Félix Tshisekedi a présidé, dans la nuit du 18 au 19 mai 2026, une réunion de crise à la Cité de l’Union africaine, consacrée à la situation sanitaire préoccupante signalée dans certaines zones des provinces du Nord-Kivu et de l’Ituri. Plusieurs cas suspects y font actuellement l’objet d’analyses et d’investigations approfondies afin de déterminer un éventuel lien avec la Maladie à virus Ebola.
Selon la Présidence de la République, cette réunion d’urgence visait à évaluer l’évolution de la situation sanitaire dans les zones concernées et à coordonner les premières mesures de riposte.

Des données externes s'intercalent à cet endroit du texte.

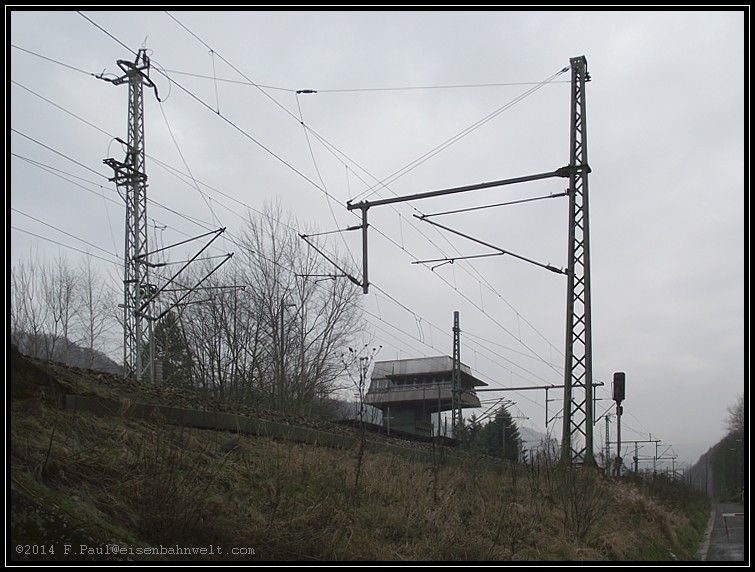Bevor ich die Strecke unterquere, noch ein Bild von dem markanten Gleisbildstellwerk des Bahnhofs. Auch dieses wird irgendwann Geschichte sein.

Le Chef de l’État a instruit le gouvernement de déployer sans délai tous les moyens nécessaires pour renforcer le dispositif sanitaire sur le terrain.
L’objectif, selon les autorités, est de contenir rapidement toute propagation éventuelle de la maladie, tout en assurant une prise en charge efficace des populations affectées.
Les équipes sanitaires poursuivent actuellement les opérations de surveillance épidémiologique ainsi que les analyses biologiques destinées à confirmer ou non la présence du virus Ebola.
Au cours de cette rencontre, le président de la République a également appelé la population au calme et à la vigilance. Il a exhorté les citoyens au strict respect des mesures de prévention recommandées par les autorités sanitaires, notamment dans les zones sous surveillance.
« Le Gouvernement doit mettre immédiatement en œuvre toutes les mesures nécessaires pour renforcer la riposte sanitaire, contenir la propagation de la maladie et assurer une prise en charge rapide des populations concernées », a indiqué la Présidence dans une communication officielle.
Les services compétents assurent que les investigations se poursuivent afin de mieux évaluer l’ampleur de la situation et d’adapter la réponse sanitaire en conséquence. Aucune confirmation officielle d’une épidémie d’Ebola n’avait encore été annoncée au moment de la tenue de cette réunion de crise.
Les provinces du Nord-Kivu et de l’Ituri ont déjà été touchées par plusieurs flambées de la maladie à virus Ebola au cours des dernières années. Ces épidémies ont souvent représenté un défi majeur pour les autorités sanitaires congolaises en raison de l’insécurité persistante et des déplacements de populations dans l’est du pays.
Les autorités sanitaires nationales, en collaboration avec leurs partenaires, restent mobilisées afin de prévenir toute aggravation de la situation et de protéger les communautés exposées.